Despite (or perhaps precisely because) Ukraine was so close to the status of a full-fledged nuclear power, after the collapse of the USSR, it initially wanted to forego all weapons of mass destruction on its territory and become a neutral state.[8] Five years before gaining independence, the then Soviet republic experienced the Chernobyl nuclear disaster - an experience that was a major reason why Ukrainians initially showed little interest in their inherited Soviet nuclear arsenal. The Ukrainian government was therefore initially ready to dispose of its thousands of nuclear warheads, grenades and mines unconditionally and as quickly as possible. Furthermore, the Soviet nuclear weapons, with their command and control systems centralized in Moscow, were seen as a bond that tied Ukraine to Russia, while Kiev wanted to consolidate its independence from the Kremlin.
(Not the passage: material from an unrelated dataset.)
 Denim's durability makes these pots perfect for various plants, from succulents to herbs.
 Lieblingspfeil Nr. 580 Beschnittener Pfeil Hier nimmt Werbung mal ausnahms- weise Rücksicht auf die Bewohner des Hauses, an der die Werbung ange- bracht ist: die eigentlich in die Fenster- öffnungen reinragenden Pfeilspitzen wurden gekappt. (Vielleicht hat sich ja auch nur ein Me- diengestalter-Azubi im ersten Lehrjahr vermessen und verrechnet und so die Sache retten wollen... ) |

In the months following the official dissolution of the Soviet Union in December 1991, however, the Ukrainian government began to take a more nuanced view of its nuclear legacy in the light of initial experiences with the new Russian state.[9] Despite the official and amicable separation of the two countries, the military establishment of the new Russian Federation hindered the establishment of independent Ukrainian armed forces - a central sovereign competence of a sovereign state. The Ukrainian leadership considered its own armed forces to be essential in order to secure the newly won independence. The Russian Defense Ministry, on the other hand, endeavored to maintain joint military and strategic institutions in the post-Soviet space.
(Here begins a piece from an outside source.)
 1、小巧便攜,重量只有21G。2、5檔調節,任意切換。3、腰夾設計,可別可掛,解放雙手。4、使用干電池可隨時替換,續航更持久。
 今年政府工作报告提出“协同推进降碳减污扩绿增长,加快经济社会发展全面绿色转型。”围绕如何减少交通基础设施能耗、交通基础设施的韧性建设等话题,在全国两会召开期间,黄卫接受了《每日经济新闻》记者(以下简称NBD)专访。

At the same time, Russian politicians began to file territorial claims that evidently deviated from the trilateral Belove Agreement ratified in December 1991 to dissolve the USSR. In it Moscow recognized the sovereignty of Ukraine and its borders without restrictions. Nevertheless, in May 1992, the Russian parliament passed a resolution - in manifest contradiction to its ratification of the Belove Agreement only a few months earlier - that annulled the Soviet law that had ordered the transfer of Crimea from the Russian Soviet Republic to the Ukrainian Soviet Republic in 1954.[10] In July 1993, the Supreme Soviet of the Russian Federation also officially recognized the city of Sevastopol in Crimea, where a large Russian military base and an important naval base are located, as its own territory.[11] At this time Moscow also supported separatist movements in the Georgian regions and self-appointed republics of South Ossetia and Abkhazia, as well as in the Transnistria region, which is part of the Republic of Moldova, militarily, economically and politically.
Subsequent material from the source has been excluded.